It's hard for most to understand just how fast all our cars are never mind the more tuned ones.

An M3 "Acceleration in fourth gear from 50-75 mph, a typical overtaking range, is covered in just 5.3 seconds." is a mega car for most punters. 

50 to 75 MPH in 4th, we would have time to lift off, have a good yawn and the M3 would still be in the rear view mirror.

It was a bit of fun looking at the figures, good subject for a thread!


----------



## R33_GTS-t (Apr 27, 2005)

Hugh Keir said:


> It was a bit of fun looking at the figures, good subject for a thread!


Cheers. I was surprised how competitive mine is against other road cars with very meagre mods. Your's is just ridiculously fast!:smokin: 

It would have been nice to see some posts from those in between but nevermind.


----------



## Guy (Jun 27, 2001)

Just looked at my GPS data-logger, recorded on the Ruf.

On a full acceleration run 40-100mph took 5.23 seconds, but that is in 2nd and 3rd gear, since 2nd reaches 77mph and 3rd reaches 110mph.

40mph is only 3600rpm in 2nd in my car, so it's the gear you would be in rather than 3rd (when you would only be doing about 2500rpm).

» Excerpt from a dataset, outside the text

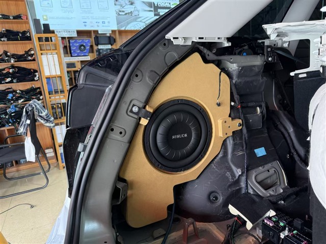 弗萊德10寸低音配備了專用箱體,將其安裝在尾箱側邊的原位位置,專用箱體能夠更好地優化低頻響應,讓低音表現更集中、更有力量。值得一提的是,整個安裝過程完成后,技術人員對尾箱內飾進行了完美還原,升級后的低音系統完全隱藏在尾箱內部,從外觀上絲毫看不到改裝痕跡,兼顧了實用性與美觀度。

Not therefore a very comparable statistic, but it is 100% accurate.

Guy


----------



## R33_GTS-t (Apr 27, 2005)

Guy said:


> Just looked at my GPS data-logger, recorded on the Ruf.
> 
> On a full acceleration run 40-100mph took 5.23 seconds, but that is in 2nd and 3rd gear, since 2nd reaches 77mph and 3rd reaches 110mph.
> 
> ...


5 seconds is fairly shifting but using 2nd is cheating.


----------



## Guy (Jun 27, 2001)

R33_GTS-t said:


> 5 seconds is fairly shifting but using 2nd is cheating.


Not really, as I said it's just not really comparable due to different gearing, since I would only be doing 2500rpm if I used 3rd, whereas the GTRs are at 3800rpm or higher......


----------



## R33_GTS-t (Apr 27, 2005)

Guy said:


> Not really, as I said it's just not really comparable due to different gearing, since I would only be doing 2500rpm if I used 3rd, whereas the GTRs are at 3800rpm or higher......


3800rpm??? About 2800rpm. Not a massive difference. Most GTRs will also do 110mph in 3rd too, so they're just different kinds of engine. Anyway 5 seconds is a super quick time, even using 2nd!


----------



## Guy (Jun 27, 2001)

Ah ok, I misread Hughs post above........

Guy


----------



## kingsley (Aug 26, 2002)

Pasted directly from my site here:

40 - 100mph using gears* (2nd & 3rd): 6.18 seconds (includes approx 0.6s lag)
40 - 100mph in 3rd gear* (no gearchanges): 7.0 seconds
40 - 100mph in 4th gear* (no gearchanges): 9.4 seconds (Setup C - not tested with setup D)
40 - 100mph in 5th gear* (no gearchanges): 14.6 seconds (Setup C - not tested with setup D)

* - starting at a steady 40mph off boost in the gear under test, then flooring the throttle. The times should give an indication of the driveablility considering that it's not a big power Skyline with over 700 horsepower. Ambient temperature approx 6C during tests. 3rd is the optimal gear for 40 to 100mph runs - 4th gear still has almost 2500rpm left to go by the time the car reaches 100mph.

Using indicated speeds. Dry weather.

UK R33GTR
Apexi filters
Tomei 260 cams
Apexi GT intercooler
R34 turbos @ 1.15 bar
HKS elbows, Trust downpipes, HKS Silent Hi-Power
600cc injectors
HKS F-Con Pro ECU

More detail (and graphs) on the site.


----------



## liquidculture (Apr 19, 2004)

R33_GTS-t said:


> 3800rpm??? Most GTRs will also do 110mph in 3rd too, so they're just different kinds of engine.


my old gtr33 reached about 115 in third with 335ATH measured by satellite and about 125 on the speedo


----------



## Robertio (Sep 29, 2003)

Not really comparable as gearing seems to be similar to Guy's - there is no way I'd try to overtake anything from 40mph in 3rd gear as there are a couple of thousand lag tastic rpm before it gets going. Just looking at a datalog from when we were mapping my car in May; 3rd gear was 8.6 seconds for 40-100, 4th gear would require a calendar to measure.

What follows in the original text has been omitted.